Second Lt. Frederick G. Humphrey was killed in action during Operation Market Garden in World War II. He left behind some letters, a few photographs, and many memories, but his family wanted more. They asked the US Army to send home his personal effects, but the Army was unable to locate any to send.
Almost 74 years later, that has changed.
Humphrey’s combat boots were unveiled during a ceremony at the 1st Battalion, 508th Parachute Infantry Regiment headquarters at Fort Bragg, North Carolina. The ceremony was part of the 82nd Airborne Division’s All American Week.
Current and former members of the 508th Parachute Infantry Regiment were on hand for the unveiling including retired Commander Sgt. Maj. Kenneth “Rock” Merritt who jumped with the regiment as part of Operation Market Garden along with Humphrey. The leaders of the two remaining battalions of the regiment were also in attendance.
The boots are on display as part of the history of the regiment and serve as a symbol of the 82nd Airborne Division’s legacy.
Humphrey served in H Company, 3rd Battalion, 508th Parachute Infantry Regiment. He jumped into combat and led a platoon on an attack on the eastern Holland town of BergenDal Beek-Kalorama which was occupied by German forces.
While giving orders, Humphrey was struck in the chest by machine gun fire. He was laid to rest in the US Military Cemetery Molenhoek, which is located near Nijmegen, Holland. Humphrey’s family received several letters from the Army after his death.
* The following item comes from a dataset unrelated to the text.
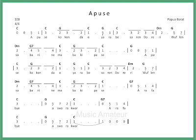 Not Angka Lagu Apuse. Lagu apuse merupakan lagu dari daerah biak, namun masih belum diketahui sampai sekarang siapa pencipta dari lagu ini. Juga ada lirik lagu apuse dan terjemahannya. Teluk doreri pernah menjadi pelabuhan penting di daerah papua, hal ini terbukti dari banyaknya kapal karam di daerah tersebut.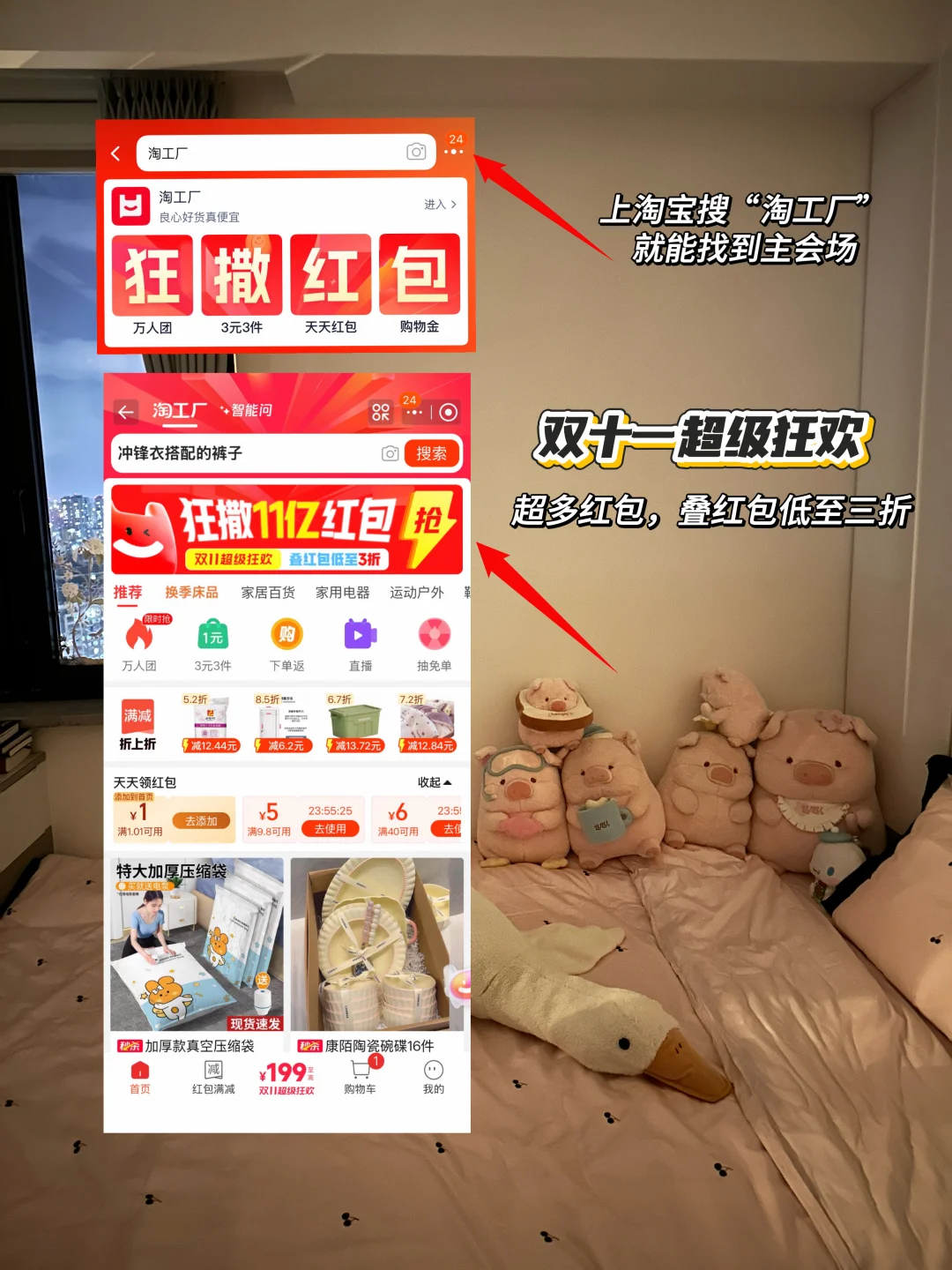 上淘宝搜淘工厂,最近双十一很多入冬小物件都限时秒杀,还有双十一爆款立减,叠加红包最低可以达到3折,超多满减红包可以领取,凑单更划算!花小钱办大事,一起准备温暖过冬呀!

Father Joseph P. Kenny was the chaplain for the regiment. He wrote that Humphrey wouldn’t order his men to do anything he wouldn’t do himself, so he personally led the attack on that day.
Maj. Gen. James M. Gavin, who was commanding the 82nd Airborne Division at the time, complimented Humphrey’s leadership and discipline.
Capt. Howard D. Kinney, Jr. said that the success of the mission was due to men such as Humphrey. According to Lt. Col. Robert McChrystal, Humphrey’s family had asked the War Department for his belongings, but they were unable to get anything.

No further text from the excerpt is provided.